Full question:
My husband and I made wills 2 years prior to our marriage. In those wills we left our entire residuary estate to each other. Both wills are identical in stating that if we do not bequeath anything to our listed children, that the omission is intentional. We then married and did not renew the wills as we felt that they would still apply in the event of our demise. The house we lived in was owned by him and his ex wife Annette. In the divorce, she quit claimed the house to him and subsequently filed for bankruptcy naming the mortgage in same bankruptcy. Now my husband has unexpectedly passed away and his ex wife has notified me that she feels that their daughter in common is entitled to 50% of the house and ALL of my husbands belongings.
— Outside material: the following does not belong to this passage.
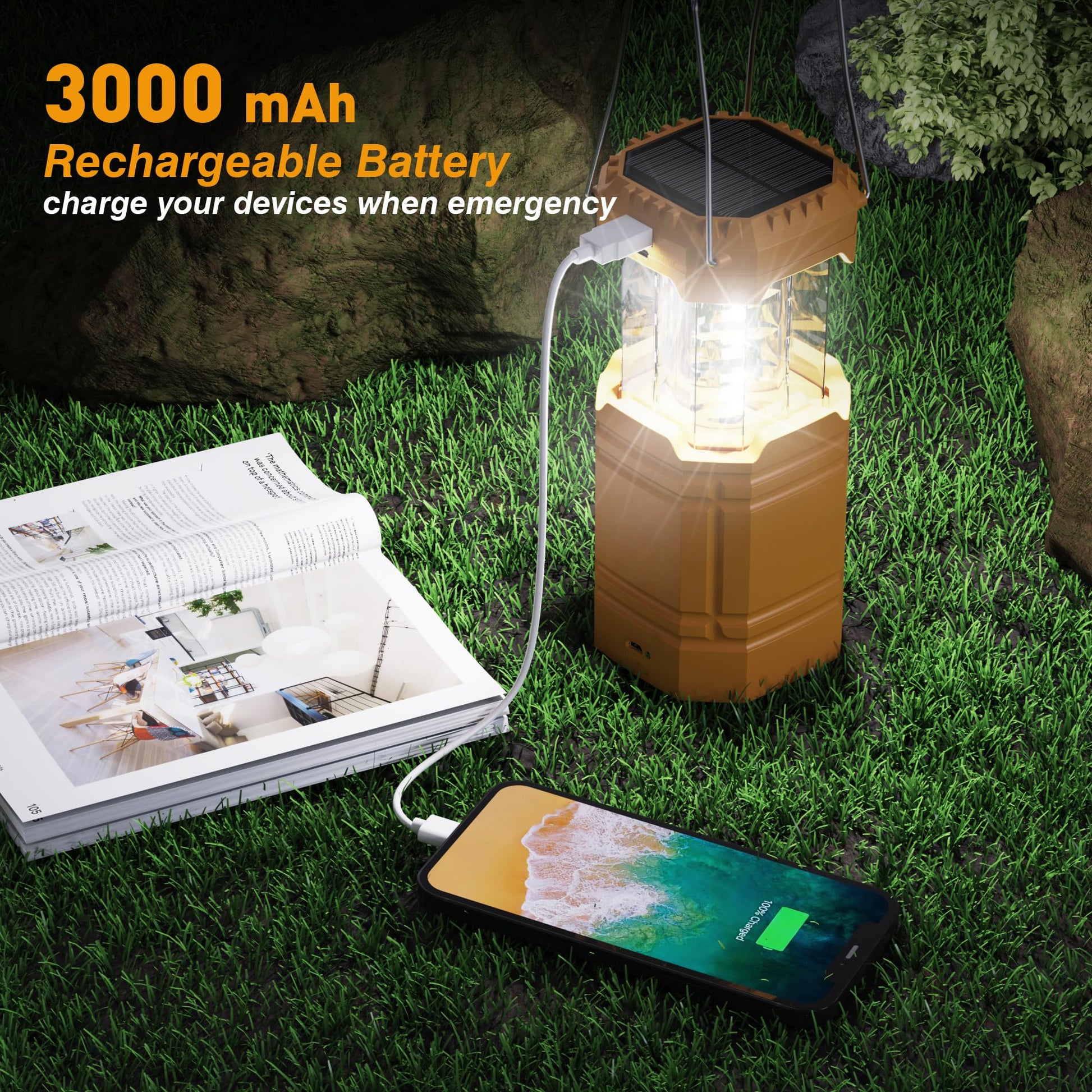- 【3000 Large Capacity Built-in Battery 𝘄𝗶𝘁𝗵 𝗨𝗦𝗕 𝗖𝗵𝗮𝗿𝗴𝗲𝗿】 This 𝗰𝗮𝗺𝗽𝗶𝗻𝗴 𝗹𝗮𝗻𝘁𝗲𝗿𝗻 has a large capacity built-in battery to boost a dead phone, keeping you safe and in touch. The USB Port allows you to charge your android mobile phone or other android USB devices in emergency situations.

How much heartache am I going to suffer in court over this, or does the will take precedence and grant me sole ownership of the residence and my husbands clothing, belongings, etc...
- Category: Wills and Estates
- Subcategory: Probate
- Date:
- State: Nevada
Answer:
We are unsure of the basis upon which the ex-wife is claiming a share of the estate. lIf he left a valid will, the property will pass according to the will. If the ex-wife quitclaimed the property to him, it was his to do what he wanted with in his will or by way of joint tenancy with right of survivorship, etc. If he was not the sole owner, and was a tenant in common, rather than a joint tenant with right of survivorship, then he could bequeath his share of the property in a will. If he was joint tenant with right of survivorship, the surviving owner(s) would automatically inherit his share. The liability for the mortgage is entirely separate from the property ownership and should have been assigned in the divorce. We suggest you contact a local attorney who can review all the facts and documents involved.